Изменить стиль страницы

Сорок с лишним лет назад встретился на нашем пути паренек-десантник Роберт Тислер, сорок с лишним лет мы ничего не знали о его дальнейшей судьбе, а сейчас, казалось, не было для нас роднее, ближе человека. Память вернула нас туда, в синявинские урочища и непроходимые болота, мы снова оказались на войне.

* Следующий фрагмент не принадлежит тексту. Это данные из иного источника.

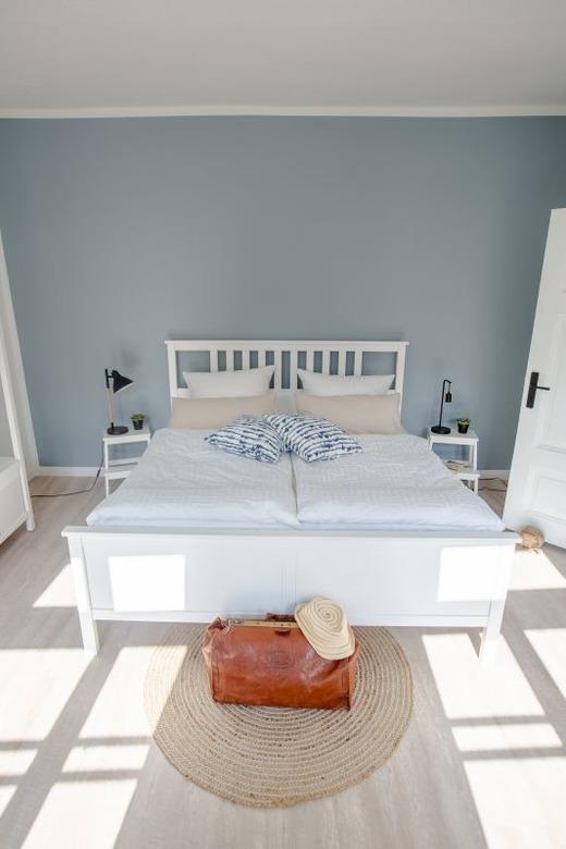 Gleich im angrenzenden Zimmer befindet sich eins der zwei Schlafzimmer. Im lichtdurchfluteten Raum lässt es sich im gemütlichen 1,80m*2,00m Doppelbett mit komfortablen in Mecklenburg-Vorpommern hergestellten Matratzen entspannen. Hier können sie entweder im gemütlichen Sessel noch ein wenig lesen oder auf dem Balkon die Sonne genießen.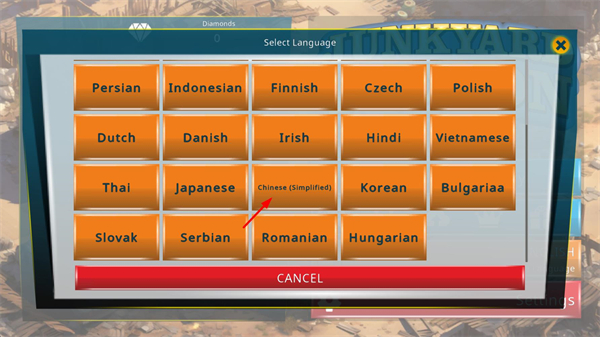 2、然后选择Chinese选项就可以将游戏设置成中文版。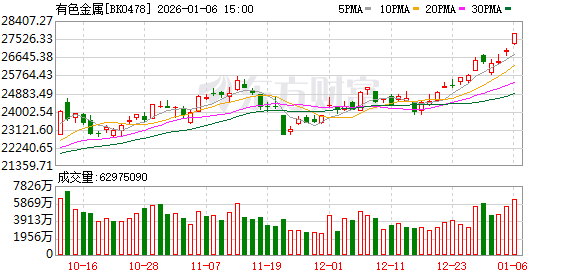 2026年开年,有色金属延续涨势,截至1月6日晚22时,伦敦金现货、伦敦银现货3个交易日分别上涨3.06%、9.22%。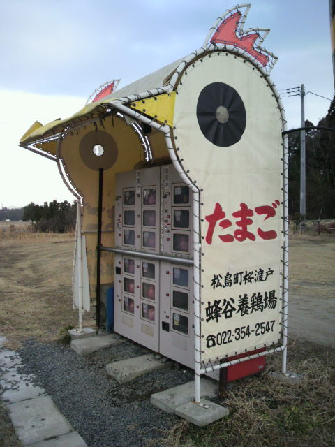 先日やっと立ち寄ってみました!!いつも、利府のグランディの近くのパン屋さんに行く途中、いつも見かけるんです。気になる自販機を!!車で走っているとこの形のものが見えるんです!!自分で運転しているときは、わき見運転になってしまうので、なんだろうと思っていましたが、助手席に乗っているときには、とっても気になっていました(^^♪でも、またあとでと思っていると下りは通り過ぎてしまっていつも買えずじまいでした。今回は、思いきって立ち寄ってみました。そこはたまごだけを売っている自販機でこのようなたまごが入っているんです!!お金を入れて(11~14個入りで300円でした)自分のほしいたまごを選んで扉を開けて受け取るんです。たまごの種類はさくらたまご ほんのり桜の色に似ています(^^♪やっぱり、これだけ新鮮だとこの食べ方しかないでしょう(*^^)v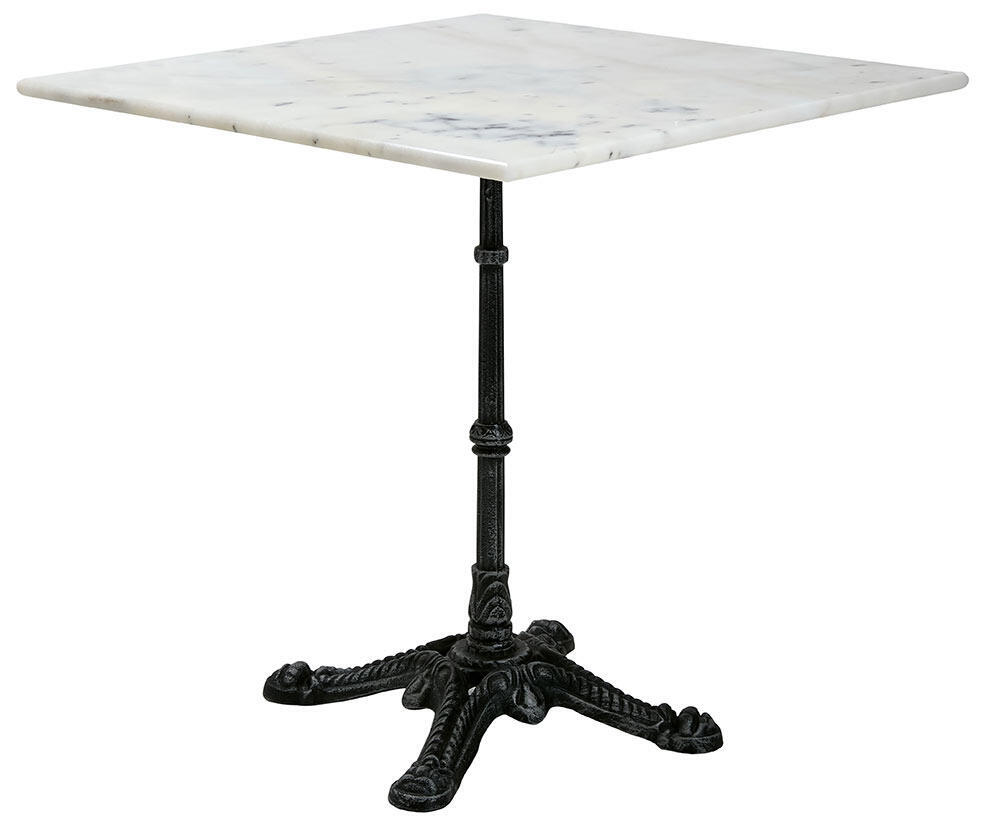 Loire är ett stilrent 70x70 cm marmorbord som passar perfekt på balkongen eller som frukostbord på altanen. Toppskivan är vit (ljusgrå) med gråsvart gjutjärnsunderrede.

Все предусмотрели тогда гитлеровские генералы — и свежую армию Манштейна перебросили из Крыма, и мощные осадные орудия подвезли, и приказ «сровнять Петербург с землей» подготовили. Над сжатым в тиски блокады, голодным, израненным Ленинградом нависала новая смертельная опасность. И операцию, которая должна была покончить с великим городом на Неве, назвали «Волшебный огонь». В этом огне, по замыслу Гитлера, сгорят все непокорные ленинградцы, вся Балтика станет немецкой, освободятся силы для нового похода на Москву.

Месяц с лишним гремело, свистело, ухало на узком участке фронта между берегом Ладоги и Синявинскими высотами. Неимоверно трудно, просто невыносимо тяжело было пробиваться к Неве через топкие болота, через надежно оборудованную немцами на всю глубину систему дотов и дзотов, основных и запасных позиций, но войска Волховского фронта медленно и упрямо шли вперед, к ленинградцам, к Ленинграду. И Манштейн позднее напишет горькое признание: вместо штурма Ленинграда его армии пришлось вести тяжелое сражение южнее Ладожского озера. А его солдаты скажут: «Лучше месяц воевать в Севастополе, чем один день под Синявином…»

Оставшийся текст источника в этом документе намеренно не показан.